泥中蟠龍's Game愛歌 [A love song for games of the dragon waiting for an opportunity] Survivorship bias
泥中蟠龍's Game愛歌
[A love song for games of the dragon waiting for an opportunity]
Survivorship bias
December. 14. 2017.
During World War II, United States Armed Forces conducted a study of the damage done to aircraft that had returned from missions to minimize bomber losses. The study showed a tendency by the returning aircraft, in particular, to be hit on the wings and tail with a bullet and had recommended that armor be added to the areas that showed the most damage. However, questioning the analysis result, a researcher proposed that the Navy reinforce areas where the survived military aircraft were unharmed: cockpit and engine. The mathematician commented that the study didn't consider bombers that had been shot down in the engine or cockpit in their missions, while the majority of aircraft with holes on wings and tail returned home safely. If he hadn't detected the fallacy of the data analysis, the U.S. Army may have wasted a lot of budget due to unnecessary schemes and more fighter pilots could be killed. It's a form of selection bias and generally called "Survivorship bias" or "Survival bias".
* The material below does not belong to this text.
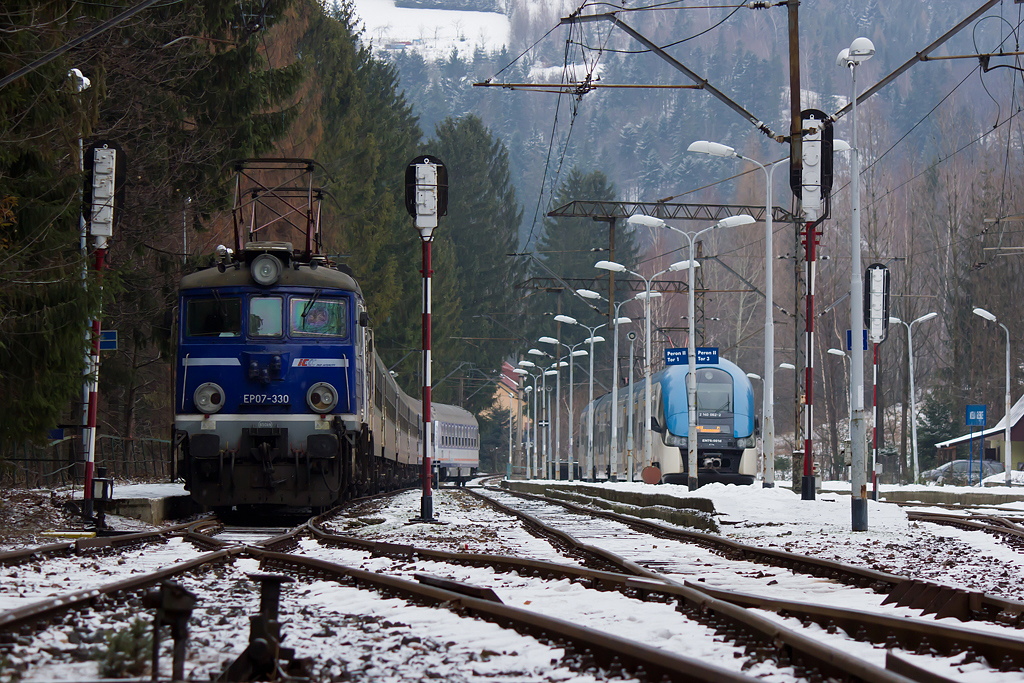 EP07-330 ze składem pociągu TLK 45502 "Pogoria" do Gdyni Głównej oczekuje na godzinę wyruszenia w trasę ze stacji Wisła Głębce. Przy peronie drugim EN76-001.

While talking about commercially successful video games with developers, they used to say that they can succeed in attracting users if only they copy the elements which the top-ranked games have. However, failed imitative video games are more numerous than ones well receiving in markets. Of course, I don't mean that those key elements that make a game successful are bad or wrong. But if developers make the mistake of hasty generalization that some elements determine the success of the game, biased data is more likely to lead them toward the wrong directions. There are dozens of reasons that a successful game is loved by customers, whereas that could be the only way that a failed game is shunned by users.
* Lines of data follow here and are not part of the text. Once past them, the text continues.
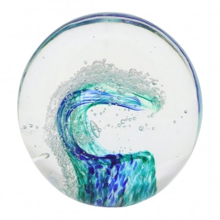 Presse papier sulfure en Verre rond en forme de Disque 10cm Design Vague.
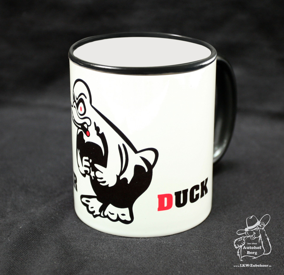 Weiße Tasse mit schwarzem Rand und Henkel, bedruckt mit einer Cartoon-Ente und dem Schriftzug 'DUCK'.
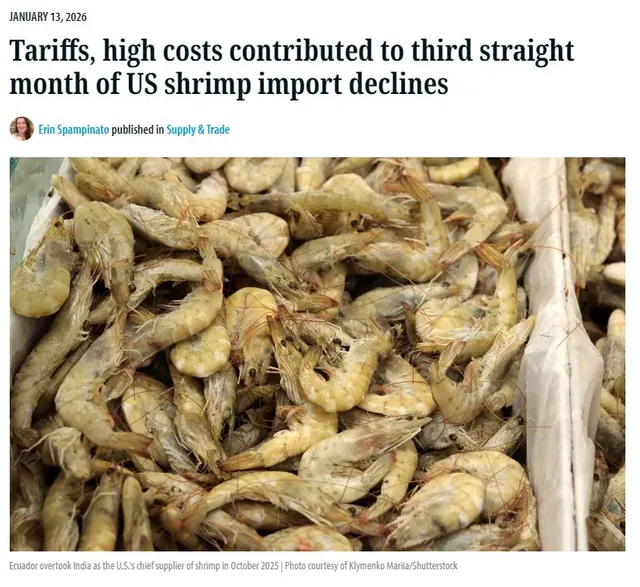 기사에 따르면 관세가 발효된 작년, 꾸준히 새우 수입량이 줄어들기 시작했고

Mentioning successful mobile-version games—Lineage series, TERA, Yulgang, and Fate/stay the night, etc.—based on well-known originals, quite a lot of people say that a mobile game built on the famous original must have achieved popularity and high profit. However, despite a notable original, I've seen a messed-up game with the poor outcome a hundred times. Game users' love of the latest successful games is not because they are constructed on well-made original works but because it just so happens that they are based on the originals.
Let's go back to the beginning of this article. "Survival bias" is a mistake that anybody can make. We need to look at the data from multiple points of view not to go astray. Game makers should see the market in a different direction while lots of uniformly similar-trend video games are released. The only way to reduce the probability of failure is that those game developers take a closer look at whether they have missed an element of success among excluded factors or they haven't found it yet. I hope that as many as game developers can return safely from the fierce battlefield for success.
※ This is from Kyunghyang Games column by 泥中蟠龍 since September 2013.